***** RECORDS FOR PROCESSING

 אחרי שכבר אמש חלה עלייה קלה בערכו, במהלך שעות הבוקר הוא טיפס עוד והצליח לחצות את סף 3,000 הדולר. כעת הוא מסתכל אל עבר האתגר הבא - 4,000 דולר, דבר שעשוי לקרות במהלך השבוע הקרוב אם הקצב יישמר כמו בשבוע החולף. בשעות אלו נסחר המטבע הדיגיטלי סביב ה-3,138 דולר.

**********
***** RECORDS FOR PROCESSING

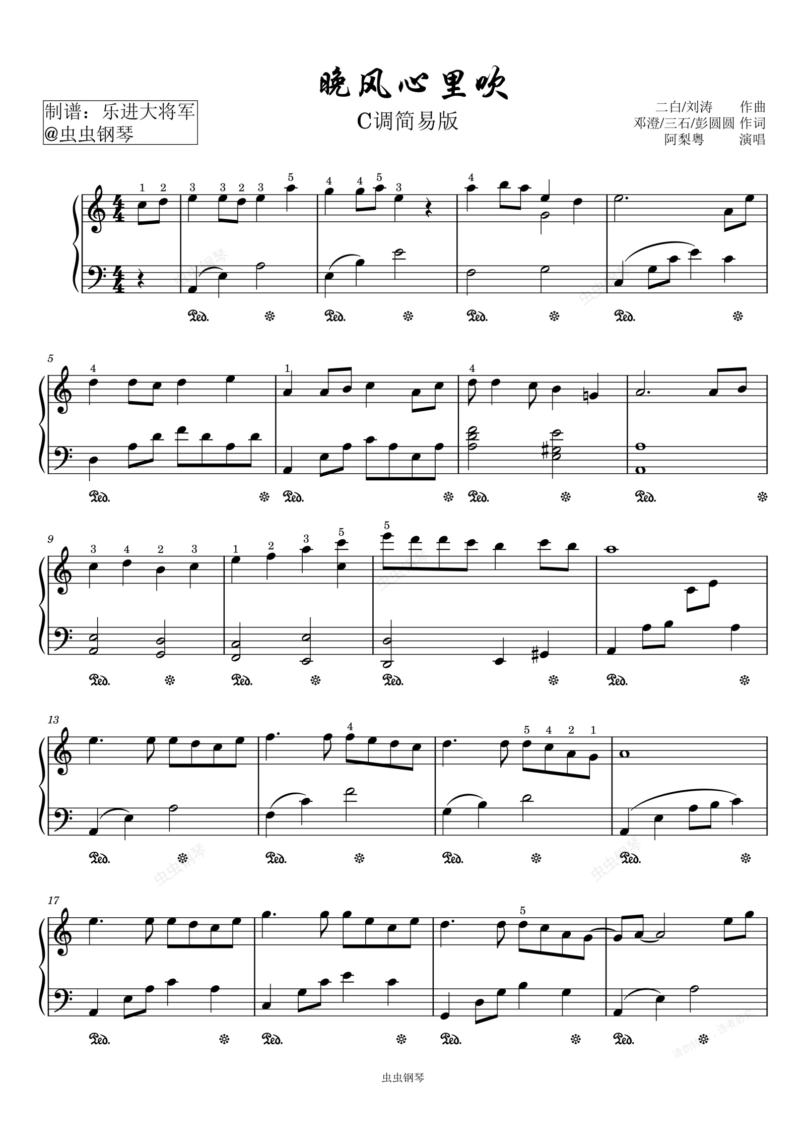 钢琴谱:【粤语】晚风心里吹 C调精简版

**********
***** RECORDS FOR PROCESSING

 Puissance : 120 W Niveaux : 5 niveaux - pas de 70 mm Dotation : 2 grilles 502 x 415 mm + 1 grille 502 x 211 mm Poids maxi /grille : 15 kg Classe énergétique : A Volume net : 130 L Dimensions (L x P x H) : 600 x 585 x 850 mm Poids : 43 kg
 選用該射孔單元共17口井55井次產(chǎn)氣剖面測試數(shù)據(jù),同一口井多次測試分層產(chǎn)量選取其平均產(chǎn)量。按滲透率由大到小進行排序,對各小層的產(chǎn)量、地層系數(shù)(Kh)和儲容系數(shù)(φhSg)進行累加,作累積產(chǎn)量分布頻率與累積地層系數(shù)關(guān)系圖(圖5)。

**********

§ **ABOUT THIS EXERCISE**
Both the line containing "Puissance : 120" and the line containing "選用該射孔單元共17口井55" belong in the answer. Print them and every line above that falls between them exactly, and no others.

§ **SOLUTION FOR THIS TASK**
 Puissance : 120 W Niveaux : 5 niveaux - pas de 70 mm Dotation : 2 grilles 502 x 415 mm + 1 grille 502 x 211 mm Poids maxi /grille : 15 kg Classe énergétique : A Volume net : 130 L Dimensions (L x P x H) : 600 x 585 x 850 mm Poids : 43 kg
 選用該射孔單元共17口井55井次產(chǎn)氣剖面測試數(shù)據(jù),同一口井多次測試分層產(chǎn)量選取其平均產(chǎn)量。按滲透率由大到小進行排序,對各小層的產(chǎn)量、地層系數(shù)(Kh)和儲容系數(shù)(φhSg)進行累加,作累積產(chǎn)量分布頻率與累積地層系數(shù)關(guān)系圖(圖5)。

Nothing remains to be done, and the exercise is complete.